The net effect of the change is that SharePoint administrators will see information about teams-connected and channel-connected sites in the SharePoint Online admin center which isn’t available today. Access to information about channel-connected sites is read-only. This is because these sites inherit settings from the parent team site. It also ensures that management of the channel-connected sites remains with the channel owners.

Using the New Teams Site Properties in PowerShell

Coming back to PowerShell, the new properties make it easier to find and report details of Teams-connected sites. You can still do this using the Get-UnifiedGroup cmdlet, which offers the advantage of exposing group information more easily. Now you have the option to check if team-connected sites have private or shared channels.

Here’s some quick and dirty PowerShell to report channel-connected sites. The code:

  • Creates an array of sites connected to Teams.
  • Creates another array of channel-connected sites.
  • Loops through the sites array to see if any matching channel-connected sites are present and reports these sites. Remember, a team can have up to 30 private channels.

# Find Teams-connected site
[array]$Sites = Get-SPOSite -Limit All | ? {$_.IsTeamsConnected -eq $True}
# Find channel connected sites
[array]$ChannelSites = Get-SPOSite -Limit All | ?{$_.IsTeamsChannelConnected -eq $True}

$SiteCount = 0
$ChannelData = [System.Collections.Generic.List[Object]]::new()
ForEach ($Site in $Sites) {
   [array]$MatchedSites = $ChannelSites | ? {$_.Url -Match $Site.Url}
   If ($MatchedSites) {
      $SiteCount++
      ForEach ($MSite in $MatchedSites) {
       $ReportLine = [PSCustomObject][Ordered]@{  
         Parent      = $Site.URL
         Title       = $Site.Title
         URL         = $MSite.URL
         ChannelType = $MSite.TeamsChannelType }
       $ChannelData.Add($ReportLine)
      } # End ForEach
   } # End if
} # End Foreach
Write-Host ("Total of {0} channel-connected sites found for {1} sites" -f $ChannelData.Count, $SiteCount)

Here’s an example of a record for a channel-connected site:

Parent      : https://office365itpros.sharepoint.com/sites/CorporateAcquisitionPlanning2020
Title       : Corporate Acquisition Planning 2020
URL         : https://office365itpros.sharepoint.com/sites/CorporateAcquisitionPlanning2020-LegalDiscussions
ChannelType : PrivateChannel

Figuring Out Inconsistencies

Interestingly, I found instances where the Microsoft 365 group which originally owned a team-connected site was no longer available in the tenant, but team-connected and channel-connected sites still existed. This is likely due to retention policies where sites come within the scope of a retention policy and the group did not. I used the following code to find these channel-connected sites:

# See if we can find parent groups
ForEach ($CSite in $ChannelSites) {
   $MatchURL = $CSite.URL.Split("-")[0]
   $Match = $Sites | ? {$_.Url -Match $MatchURL}
   If (!($Match)) {Write-Host "Can't find parent team-connected site for channel-connected"  $CSite.URL }
}

I also found some inconsistencies between the number of channel-connected sites reported using the new properties and the older method of using the site template to identity these sites:

$TTSites = Get-SPOSite -Limit All -Template "TEAMCHANNEL#0"
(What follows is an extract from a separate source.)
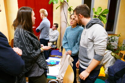 Auch vor und nach der Podiumsdiskussion wurde diskutiert, wie hier im Welthaus Bielefeld
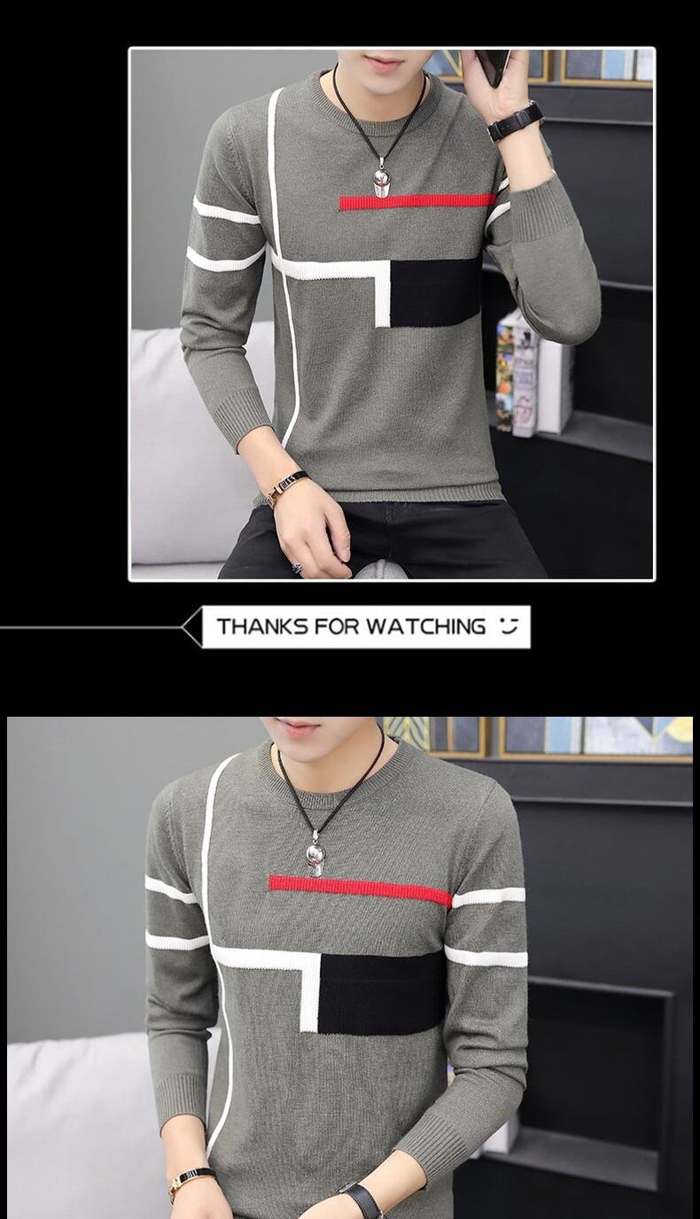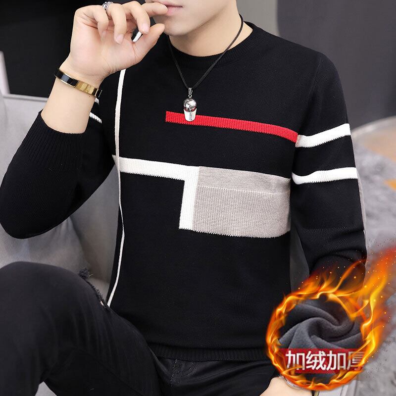 Sweater men's spring and autumn knitted sweater version trend loose cashmere bottoming shirt plus velvet thick ese top スプリング 春物 オータム 秋物 doushi15575749393

Some testing revealed that this is due to some provisioning delays in updating site properties. Essentially, if you update the membership of a channel, you force synchronization to update site properties.

Exposing Channel-Connected Sites

There’s no doubt that these updates add value. When Microsoft introduced private channels in November 2019, many complained that the sites used for sharing documents in private channels were invisible (they weren’t, but you had to use PowerShell to see them). Exposing details of private channels (and soon, shared channels) in the SharePoint Online admin center is a good thing: adding the properties to allow better filtering and reporting of channel-connected sites in PowerShell is even better.